» INFORMATION PROVIDED:
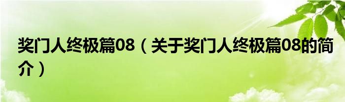 本文關(guān)于獎門人終極篇08的簡介就講解完畢,希望對大家有所幫助。
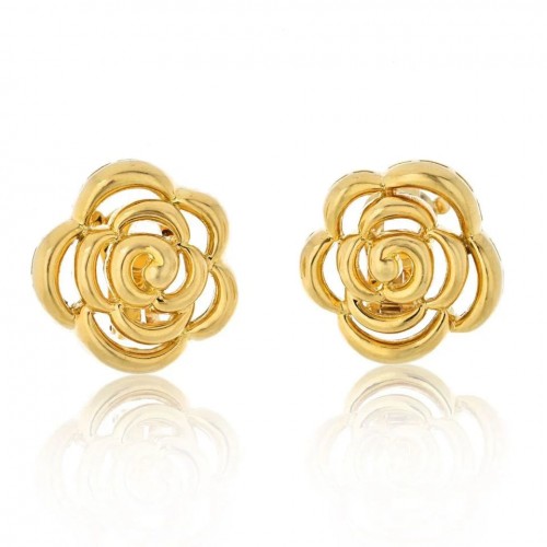 Van Cleef & Arpels 18K Yellow Gold 1998 Openwork Flower Blossom Earrings
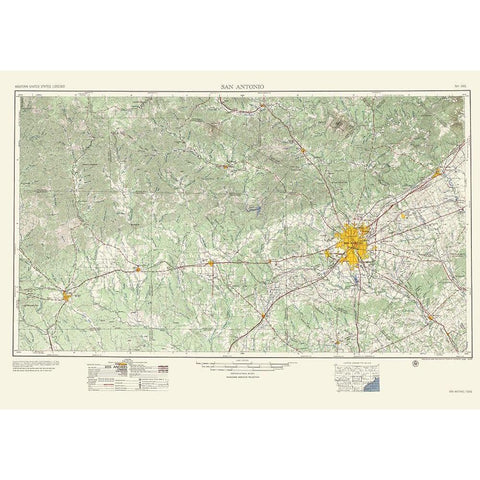 San Antonio Texas Quad - USGS 1957 Gold Ornate Wood Framed Art Print with Double Matting by USGS
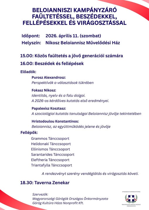 2026. április 11-én Beloianniszban kampányzáró rendezvényt szervez a Magyarországi Görögök Országos Önkormányzata. A helyszínre induló busz a Népliget-Planetárium előtti szakaszától indul. Aki az utazásra jelentkezett, kérjük 13.15-kor gyülekezzen a kijelölt helyen. A busz 13.30.-kor indul.
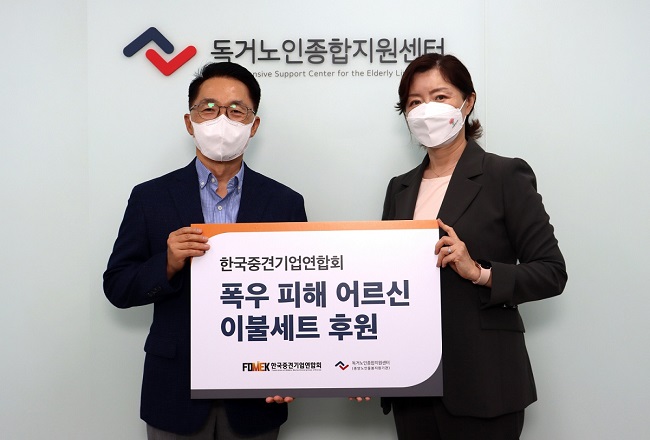 중견련은 30일 보건복지부 위탁 독거노인종합지원센터에 폭우 피해 어르신 지원을 위한 수재의연금 천만 원을 기탁했습니다. 기탁금은 서울 폭우 피해 지역 어르신 180분에게 전달할 이불세트를 구매하는 데 쓰일 예정입니다.

» TO DO: Leave the pictures out, and retype exactly the lines from the one containing "Van Cleef &" through the last line of the entries above, both included.

» WRITTEN RESPONSE:
 Van Cleef & Arpels 18K Yellow Gold 1998 Openwork Flower Blossom Earrings
 San Antonio Texas Quad - USGS 1957 Gold Ornate Wood Framed Art Print with Double Matting by USGS
 2026. április 11-én Beloianniszban kampányzáró rendezvényt szervez a Magyarországi Görögök Országos Önkormányzata. A helyszínre induló busz a Népliget-Planetárium előtti szakaszától indul. Aki az utazásra jelentkezett, kérjük 13.15-kor gyülekezzen a kijelölt helyen. A busz 13.30.-kor indul.
 중견련은 30일 보건복지부 위탁 독거노인종합지원센터에 폭우 피해 어르신 지원을 위한 수재의연금 천만 원을 기탁했습니다. 기탁금은 서울 폭우 피해 지역 어르신 180분에게 전달할 이불세트를 구매하는 데 쓰일 예정입니다.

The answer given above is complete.